Thanks for the comments so far. To respond to the questions:

1. Circular references - I don't get any notification or see any indication
that this is the problem.
2. Calc time - I thought removing the limits in 2007 effectively neutralized
the impact of dependencies? Regardless, even trying to recalculate the sheet
is a problem, as F9 seems to have provide no response.

I had no such problems with the file a few days ago, so it is possible it
has become corrupt (the fact that it has crashed Excel 6 times since
yesterday would lend some weight to this theory), but I just wanted to see if
there was something unusual I was unaware of before I started a rebuild.

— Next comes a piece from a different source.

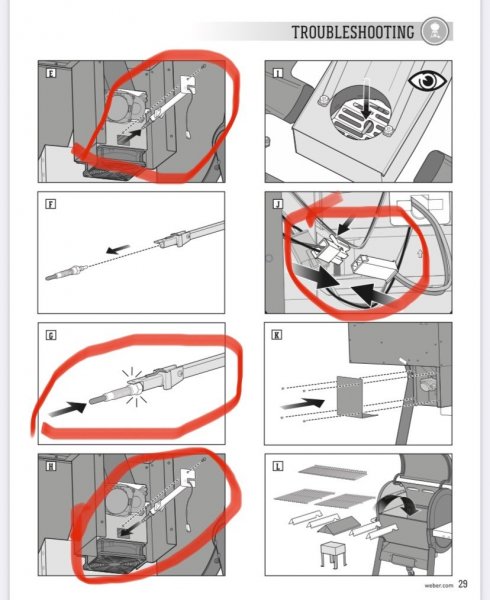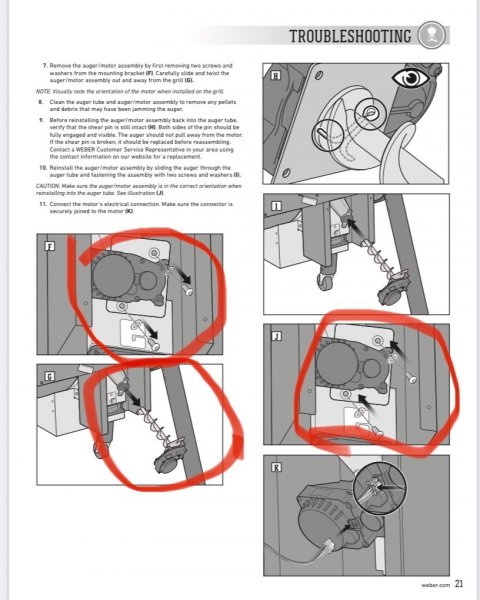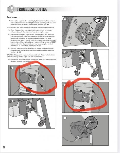Нашел мануалы на weber ex4, без vpn у меня не открывается, посмотрев мануалы увидел следующие различия: 1. Как и писал вставка в бункер, это лист во всю длину который прикручен двумя винтами, это увеличено уклон который теперь составляет 33 градуса и это исключает зависание пилет, под собственным весом уходят в шнек. 2. Изменили форму держателя свечи, также изменили подключения питания к держателю, раньше был конвектор с двумя пинами, а теперь сделали для каждого провода свой клеммник 3 изменили крепления мотора, раньше он прикручивался двумя винтами по диагонали, теперь он крепится тремя винтами. 4. изменили сам шнек, раньше он был сварен точками(стержень и лопасти), теперь его проварили на всю длину. 5. также в верхней части бункера добавили решетку, назначение которой мне непонятно. В какой последовательности пилились эти изменения вычленять не буду, вот вам все мануалы https://www.weber.com/US/en/help/schematics/browse/22510001 а вот фотографии различий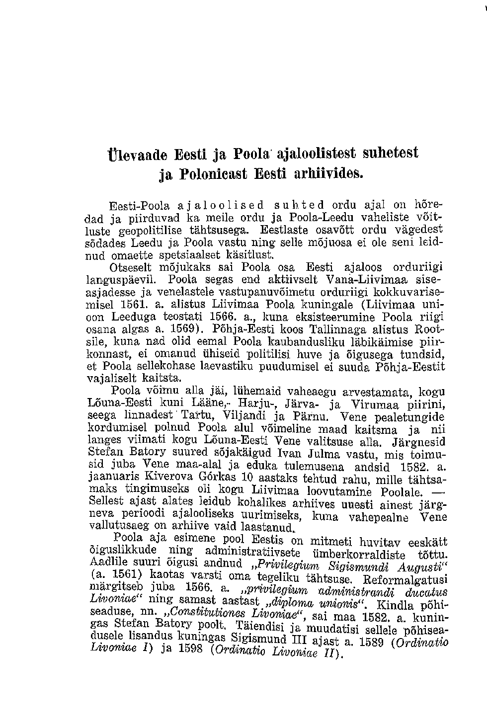 Ülevaade Eesti ja Poola ajaloolistest suhetest ja Polonicast Eesti arhiivides

Thanks for the assistance guys, but I think I have some work ahead of me :-(

Alan
 
D

Dave F

Yes, but the poster is using XL 2007. Your support link applies to
other versions.

XL 2007 has a much higher dependency limit.

As to the original poster: how do you know that you do not have any
circular references? There is no pop up alert indicating such. When
I intentionally create a circular reference (using XL 03) the only
indication I get is the Calculate message in the status bar.

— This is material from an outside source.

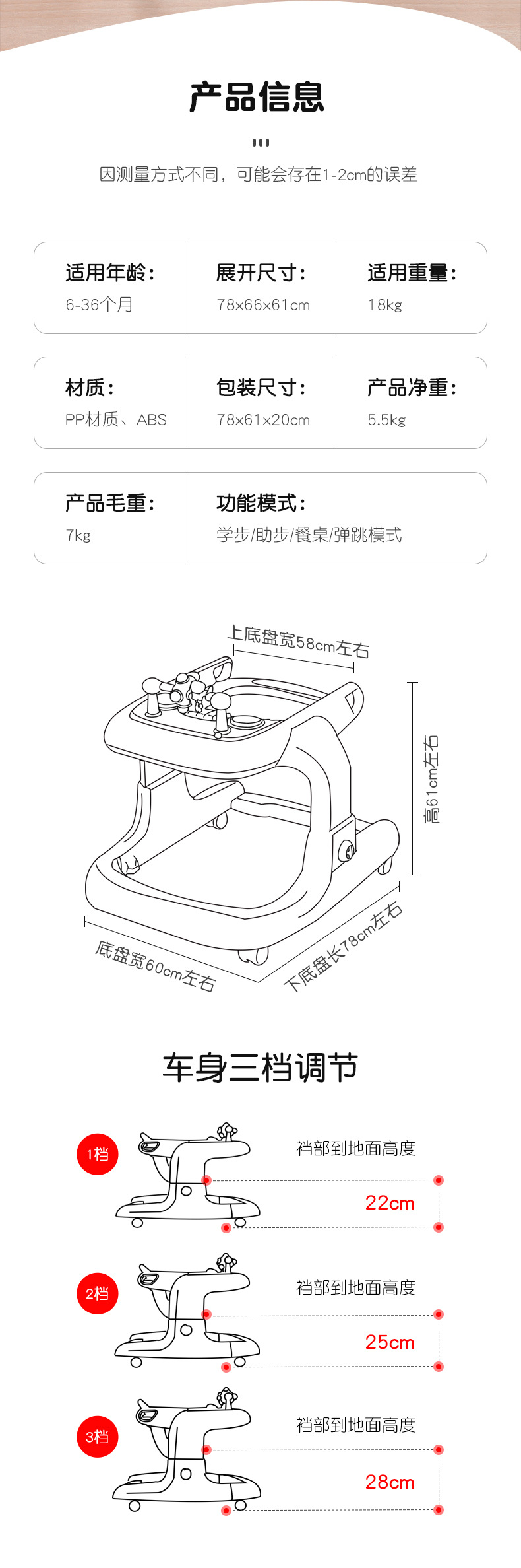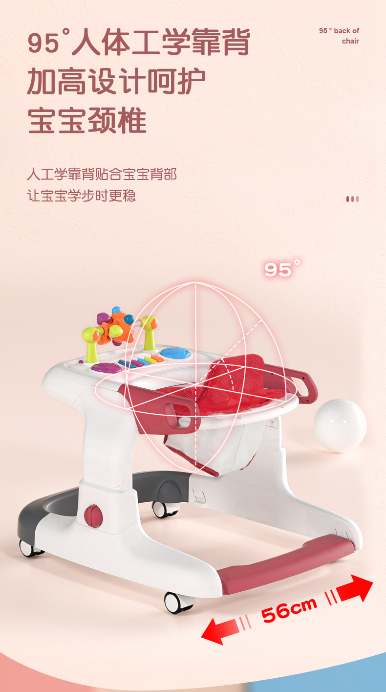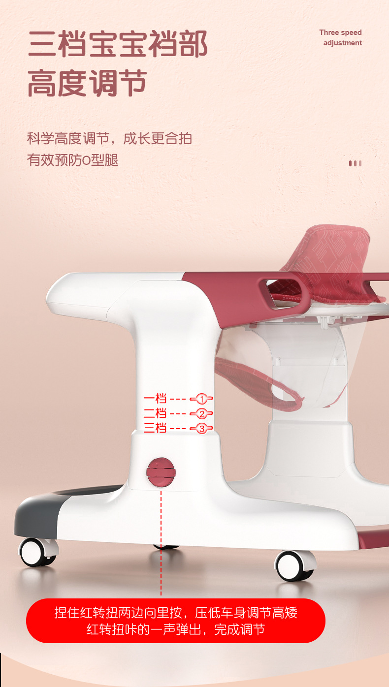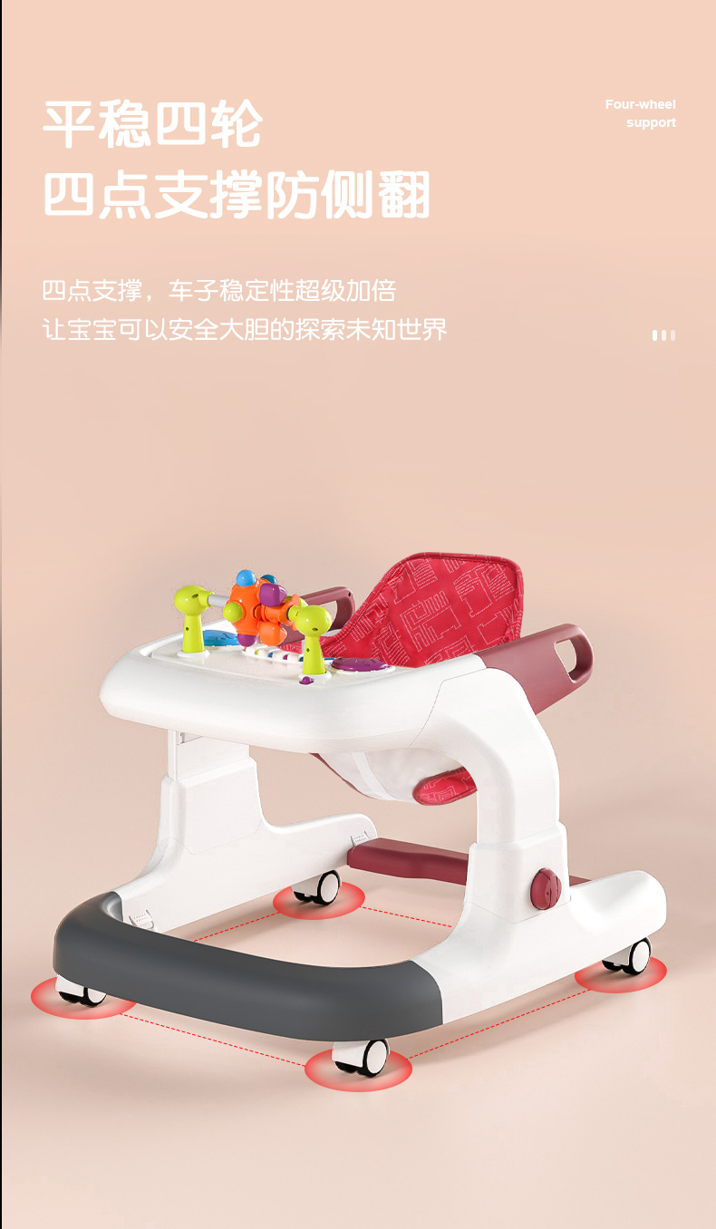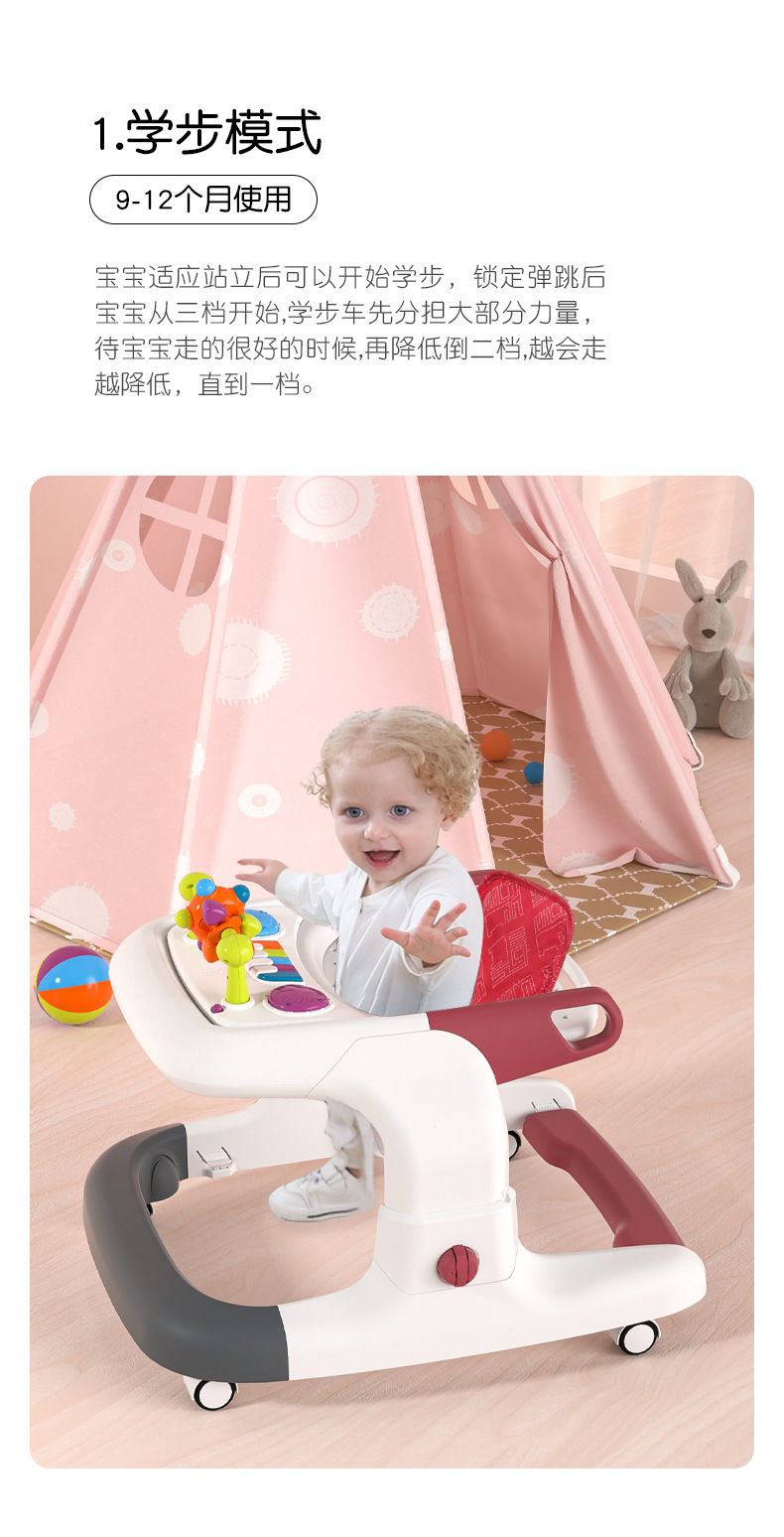 아기 보행기, O자형 다리 방지, 전복 방지, 다기능 어린이 남아 및 여아 보행기 보행기

I don't have access to XL 07 right now, but I suspect that is your
issue as well. Maybe test this theory by opening up a new XL 07
workbook, intentionally create a circular reference, and see what
happens?

Dave
 
J

Jim Rech

XL 2007 has a much higher dependency limit.

Really? Where did you read that? I trust you're not confusing that with
some other increase in Excel limits. This is not a limit that was
arbitrarily imposed like so many others. There is a real tradeoff between
time spend keeping track of dependencies and time calcing. Just increasing
memory limits isn't the issue.

Still you might be right. But where did you read it?

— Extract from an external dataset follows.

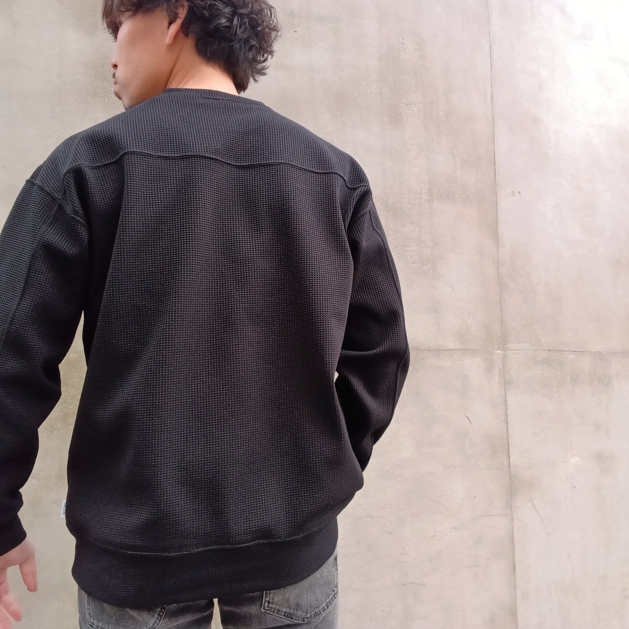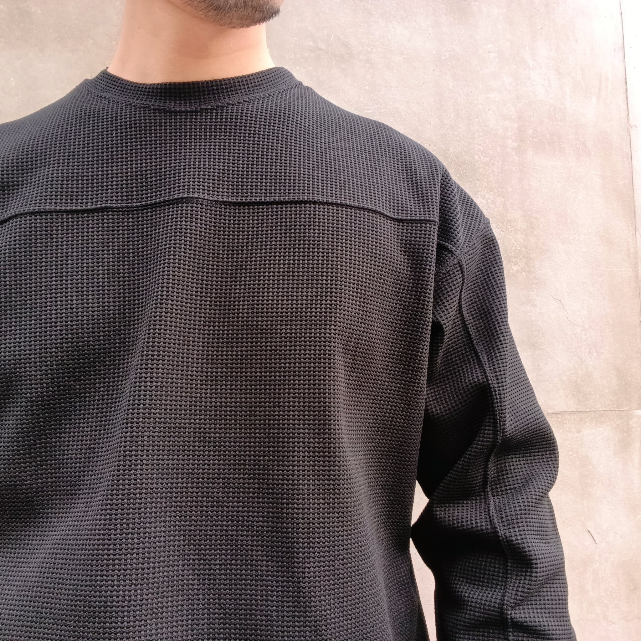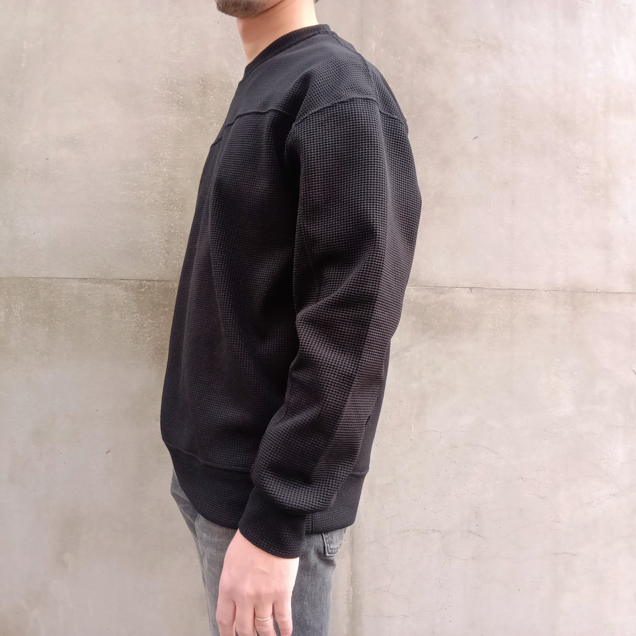 組織の中に伸縮性のあるポリエステルを組み込むことで、肉厚のワッフル独特の反発感と構築的なフォルムがプラスされています。前身、後身、袖を二本針で切替えたゆったり目のクルーです。

You must have killed the Circ toolbar by closing it manually. Delete
delete/rename you XLB file with Excel closed and it will be back with your
first calc after creating a circ.
 
J

Jim Rech

the fact that it has crashed Excel 6 times since yesterday would lend some
Oh, yeah!<g>.

Have you gotten SP1 yet? Can't hurt (I hope).
 
J

Jim Rech

You're right. Charles got his information from Dave Gainer's blog which I
searched yesterday to find something on this and failed. But there it is.
http://blogs.msdn.com/excel/archive/2005/09/26/474258.aspx

So there is a higher dependency limit but I suppose Alan could still have
hit it. And since he's certain there are no circs (Excel 2007 will say
"Circular Reference" in the status bar) I don't know why else Calculate is
always on. Me not knowing something doesn't prove much as we've seen
though<g>. He has some volatile functions, I wonder if that factors in? I
guess I'd have to see the workbook.
 
A

Alan Smith

I've only been using 2007 for a few weeks - my IT dept. insisted on the
upgrade during planning season :)

I'll check out SP1 (if I don't have it) and go from there.

Cheers.
 
A

Alan Smith

Sorry guys, been too busy to check in for a few days.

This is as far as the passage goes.